**EXERCISE GOAL**: Write out the entire listing below exactly as it appears, minus any pictures.

**STORED DATA**:
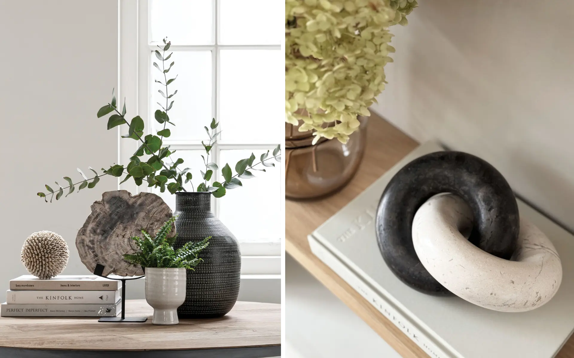 Denk bijvoorbeeld aan een keramieken vaas met een linnen lampenkap of een glazen windlicht naast een houten beeldje. Door materialen te herhalen in de rest van je interieur, zorg je voor een mooi samenhangend geheel.
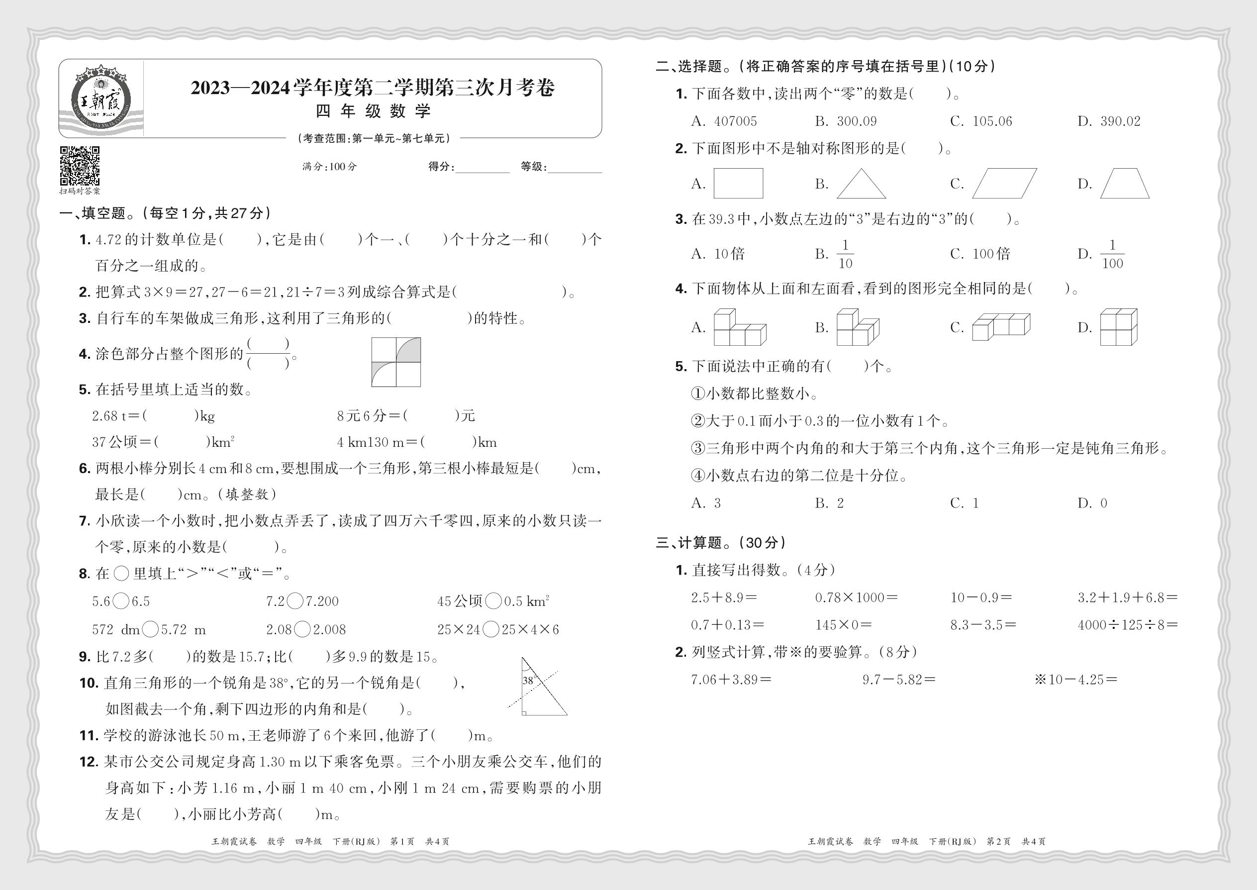 2023—2024学年度第二学期第三次月考卷四年级数学(人教版)
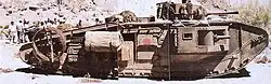 Mechanical effects supervisor George Gibbs said the film was the most difficult one of his career.[23] He visited a museum to negotiate renting a small French World War I tank, but decided he wanted to make one.[13] The tank was based on the Tank Mark VIII, which was 11 metres (36 ft) long and weighed 28 short tons (25 t). However, some liberties were taken with the design.[28] Gibbs built the tank over the framework of a 28-short-ton (25 t) excavator and added 7-short-ton (6.4 t) tracks that were driven by two automatic hydraulic pumps, each connected to a Range Rover V8 engine. Gibbs built the tank from steel rather than aluminum or fiberglass because it would allow the realistically suspensionless vehicle to endure the rocky surfaces. Unlike its historic counterpart, which had only the two side guns, the tank had a turret gun added as well. It took four months to build and was transported to Almería on a Short Belfast plane and then a low loader truck.[23]
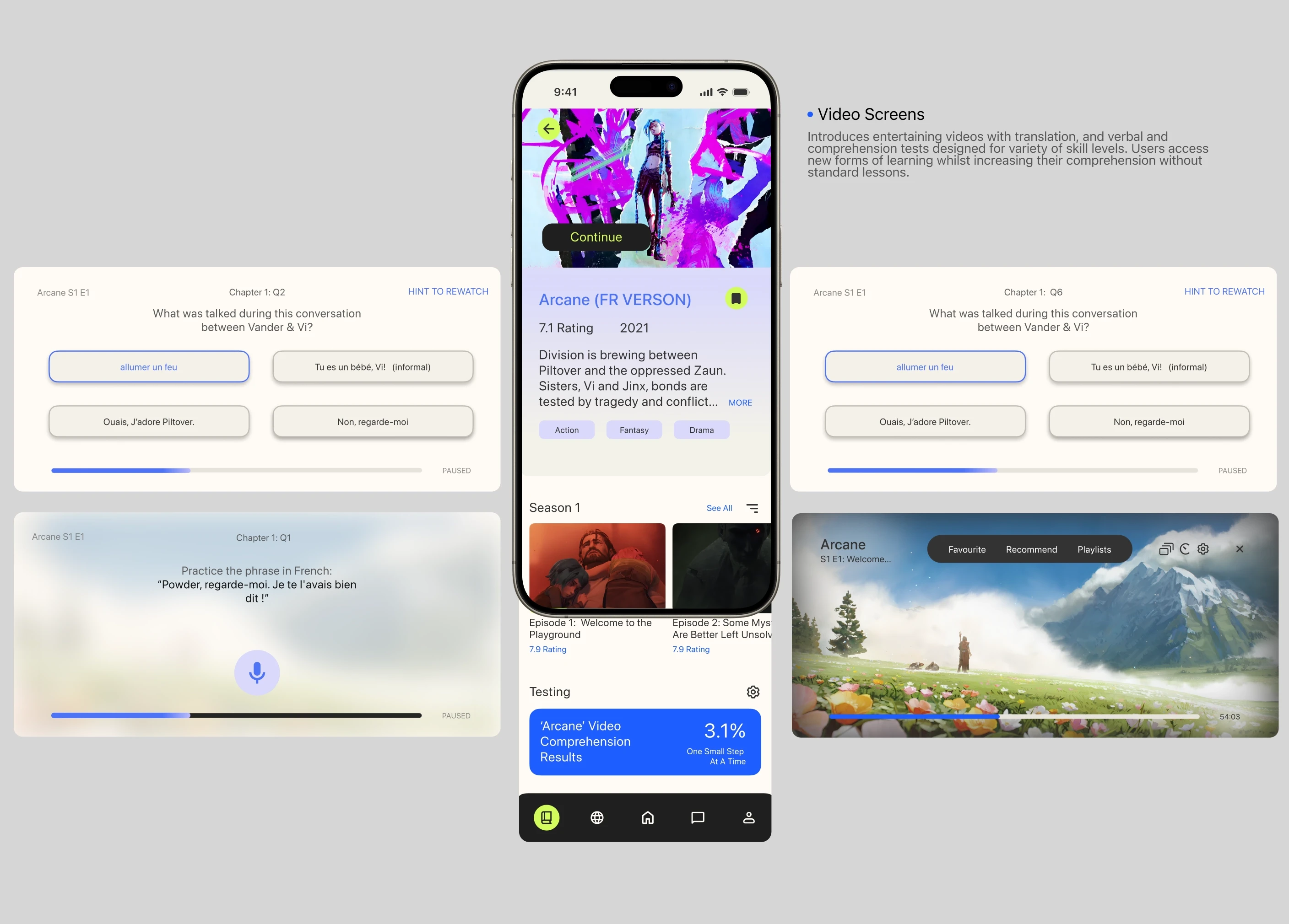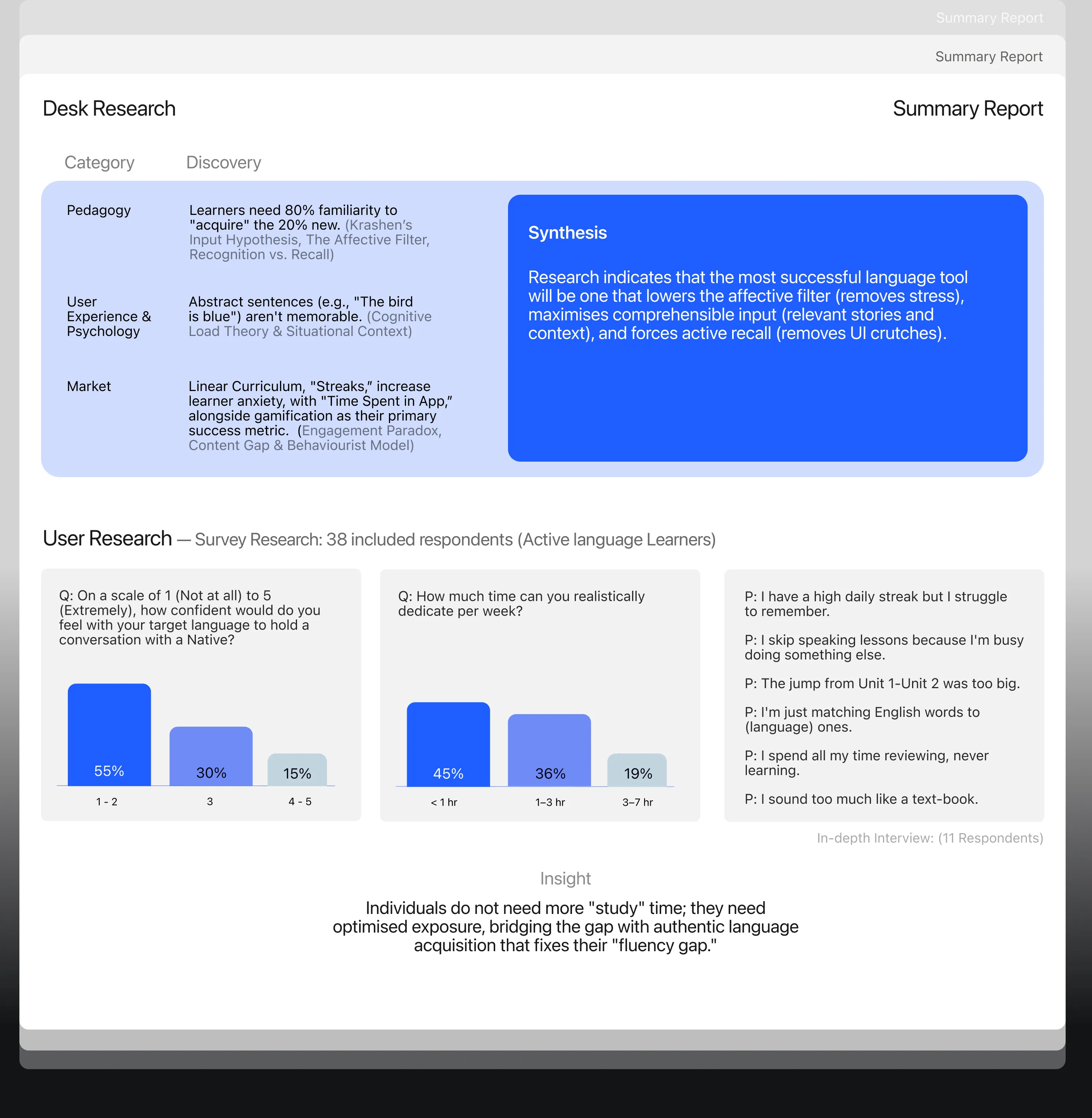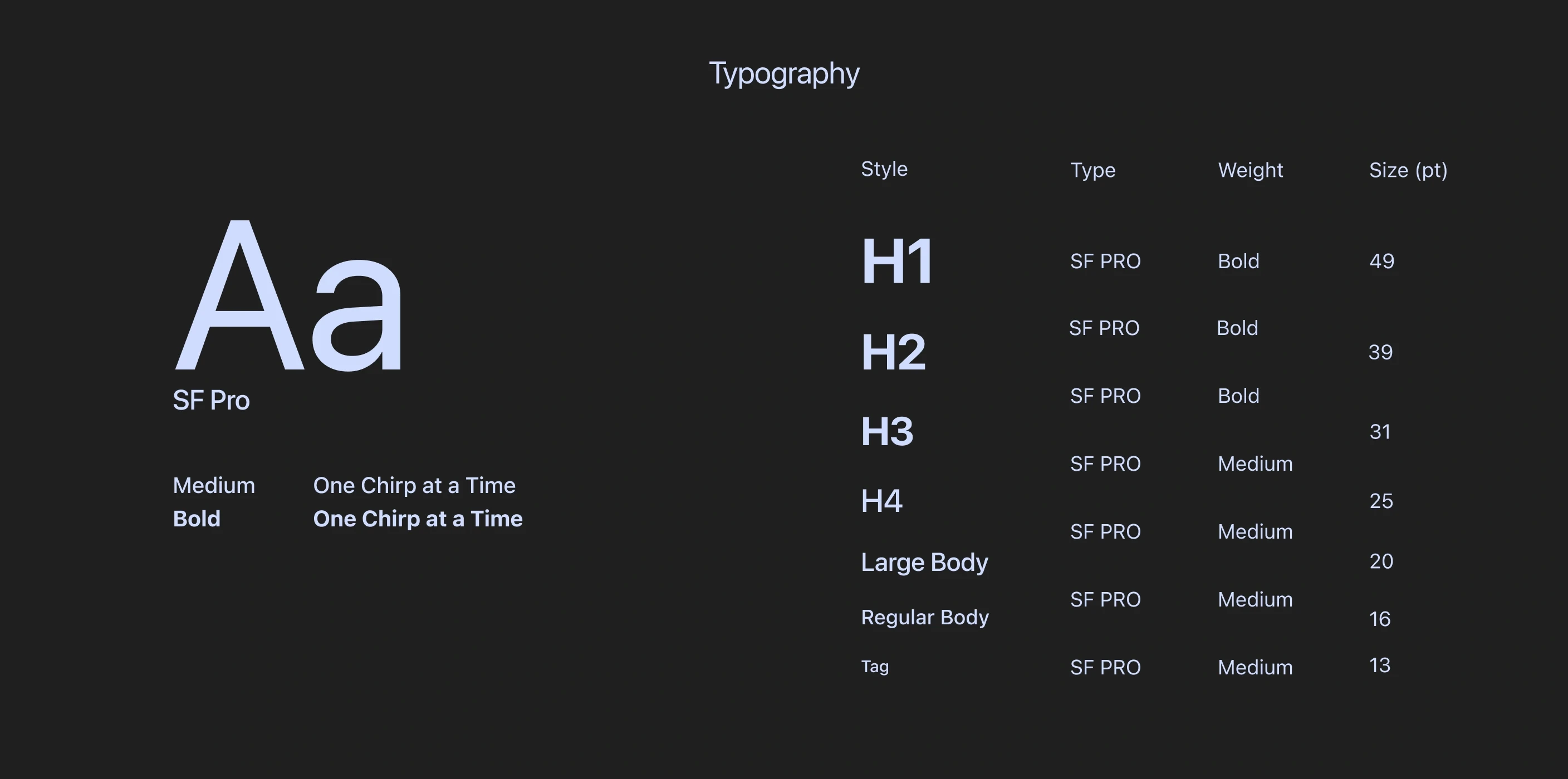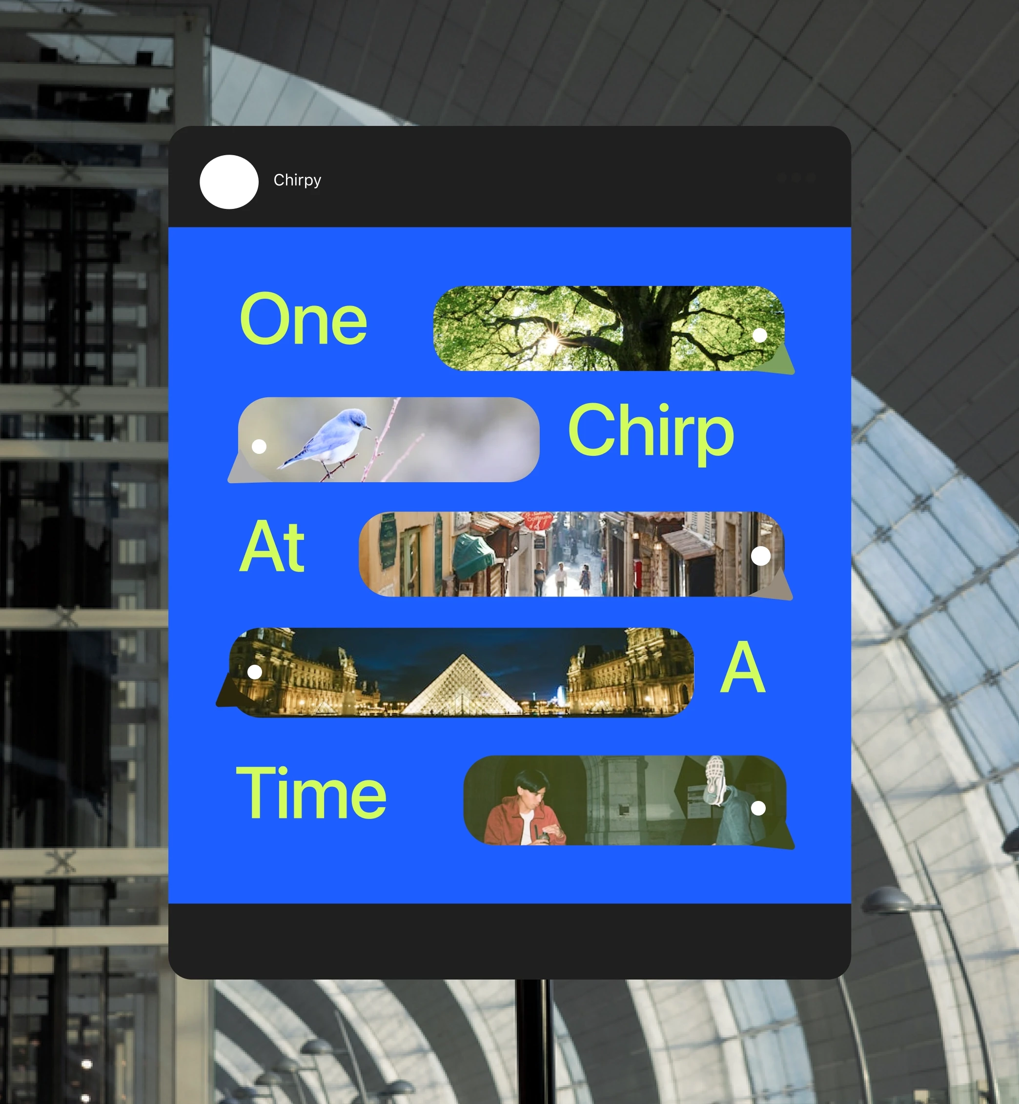 Chirpy is designed to bridge the gap of natural acquisition (spontaneous speaking), than explicit learning (memorisation). This project focuses on building an app with language acquisition practices, specifically testing French. It displays a clean san-serif typeface and minimalistic-modern visuals representing the academic and scientific approach to language acquisition.

**ANSWER SECTION**:
 Denk bijvoorbeeld aan een keramieken vaas met een linnen lampenkap of een glazen windlicht naast een houten beeldje. Door materialen te herhalen in de rest van je interieur, zorg je voor een mooi samenhangend geheel.
 2023—2024学年度第二学期第三次月考卷四年级数学(人教版)
 Mechanical effects supervisor George Gibbs said the film was the most difficult one of his career.[23] He visited a museum to negotiate renting a small French World War I tank, but decided he wanted to make one.[13] The tank was based on the Tank Mark VIII, which was 11 metres (36 ft) long and weighed 28 short tons (25 t). However, some liberties were taken with the design.[28] Gibbs built the tank over the framework of a 28-short-ton (25 t) excavator and added 7-short-ton (6.4 t) tracks that were driven by two automatic hydraulic pumps, each connected to a Range Rover V8 engine. Gibbs built the tank from steel rather than aluminum or fiberglass because it would allow the realistically suspensionless vehicle to endure the rocky surfaces. Unlike its historic counterpart, which had only the two side guns, the tank had a turret gun added as well. It took four months to build and was transported to Almería on a Short Belfast plane and then a low loader truck.[23]
 Chirpy is designed to bridge the gap of natural acquisition (spontaneous speaking), than explicit learning (memorisation). This project focuses on building an app with language acquisition practices, specifically testing French. It displays a clean san-serif typeface and minimalistic-modern visuals representing the academic and scientific approach to language acquisition.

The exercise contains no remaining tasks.